Good morning,
Developers are in revolt over contracts to fix unsafe cladding that they say go “well beyond” the pledges they agreed to earlier this year. A leaked letter from the Home Builders Federation to the Department for Levelling Up said the new, legally binding contracts were “impossible to sign”.
Business rates are an “iceberg” threatening the industry, says the CBI, with inflation expected to take the bill to £3bn.
Meanwhile, The FT (£) asks if cooling office sales and falling valuations are the cracks that signal structural damage, adding that rising interest rates, remote working and the push for greener buildings suggest a bleak outlook(£).
The new register of overseas owners of UK property will be launched today. In most of the UK the legislation will be retrospective, with purchases in England as far back as 1999 needing to be reported. Those who don’t declare their ownership face fines of £2,500 a day and five years in prison.
The lack of life science space in Oxford and Cambridge is stifling the UK’s ability to capitalise on the growth of the sector. Companies are abandoning plans to set up in the Arc and are heading to Boston in the US, which has plenty of lab space.

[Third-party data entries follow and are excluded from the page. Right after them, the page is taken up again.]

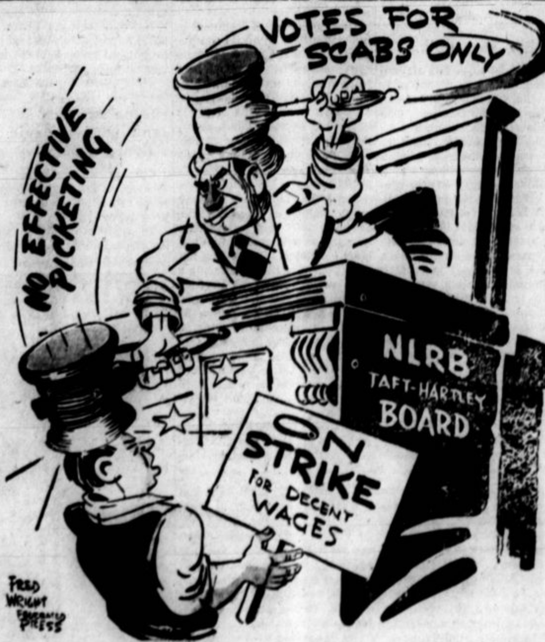
Uradnik Taft-Hartleyevega protidelavskega zakona bje s kladivom po glavi stavkajočega delavca, s drugo roko pa vili kladivo s napisom, da le stavkocaki smejo voliti.

Sofija (ALN).—V Bolgariji se proizvodnja hitro zvišuje, zato so bile reducirane cene 18 različnim predmetom in potrebščinam, med temi so svila, preprog, papir, les in baker. V kratkem bodo znižane cene še drugim izdelkom.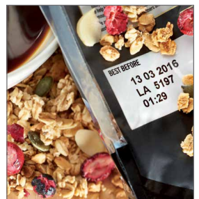
Эффективное сервисное обслуживание, гарантирующее время работы принтера и качество маркировки продукции.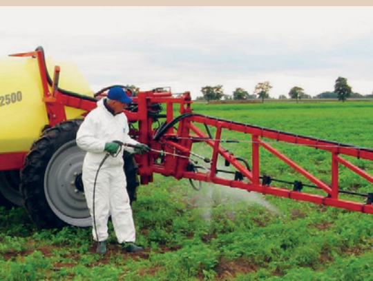
Reinigung einer Feldspritze mit einer Reinigungslanze, TOPPS

Happy Yorkshire day! North Yorkshire and the City of York will get a directly elected mayor as part of a £540m devolution deal signed later today.
As the Lionesses bring football home, EG Like Sunday Morning discusses the excitement in Birmingham for the Commonwealth Games, as well as how the Court of Appeal’s recent decision could impact disputes over Covid rent arrears.
Prime ministerial hopeful Rishi Sunak has pledged to cut income tax to 16p, but not until the end of the decade.
And the biggest interest rate rise in 20 years is expected this week, as traders price in a hike to 1.75%.
Moss Bros is planning to open five new stores…
But most bosses are scaling back investment, says the Institute of Directors, as pessimism rises.
Research has shown that landlords are evicting tenants to make way for holiday lets and Airbnbs…
As Leeds Building Society scraps second-home mortgages, saying they go against its mission to expand home ownership.
And Christian Candy has sold his luxury “Candyland” estate just west of London for about £125m.
The Times (£) has an interview with Harworth’s Lynda Shillaw, and takes a look at how Elon Musk’s Hyperloop plans(£) are progressing (spoiler: they aren’t, really).
And finally, it seems Ivana Trump is still helping out her ex-husband, even from beyond the grave. The former wife of Donald Trump was buried last month near the first hole of Trump’s National Golf Club in Bedminster, New Jersey. And it turns out that this could allow The Donald to declare at least part of the estate as a cemetery. In fact, he has been trying to do that for years. Why? Because New Jersey, which has among the highest property taxes in the US, offers an exemption to cemetery companies. In fact, the exemption covers not just real estate, rates, assessments and personal property taxes, but also business taxes, sales taxes, income taxes, and inheritance taxes. Jackpot! And Trump has some form with this. He previously claimed the plot was a farm, because some of the trees on the site were turned into mulch used for flower beds.